Result and Discussion
After comparing approximately 30 months of time series data from the two datasets, four distinct event sets with rainfall exceeding 150 mm/48 hours were recorded during the study period, and three of these events were repeated within several weeks with distinct displacements in the displacement of the domes. The lower-positioned domes had larger amplitude changes, and the series of changes lasted longer. However, another rainfall event of over 150 mm was detected at the end of March 2020, but it did not show a clear response in displacement, which we attribute to the precipitation that occurred before and after the high rainfall event.
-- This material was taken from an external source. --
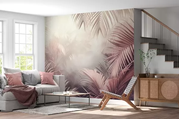 Murais de parede selva tropical com um tom cor-de-rosa Nr. w04142

The comparison of rainfall and dome displacement indicates that rainfall events associated with "Background Rain" are effective triggers for dome displacement. The delay in the temporal response from rainfall to displacement is different from the almost immediate relationship between rainfall and dome collapse at active volcanoes that generate pyroclastic density flows (Carn,2004). Our results indicate that lava domes of quiescent volcanoes exhibit different response times to rainfall and that it is important to consider the slow response of domes and extend the warning time over time. This is essential for the application of hazard and disaster risk studies.
Conclusion
In conclusion, the dome of Unzen-Fugendake is reacting to a complex of high-intensity and background rainfall, and so over several month periods, suggesting that the vadose zone and the groundwater movement may play an important control-ling role. Furthermore, this time lag suggests that hazards and disaster risk alerts need to be adapted to account for those delayed changes. The next step in this research will now be to model the time lag of the dome to rainfall events.
References
1. Kelfoun, et al., Bull Volcanol 2021, 83 (2)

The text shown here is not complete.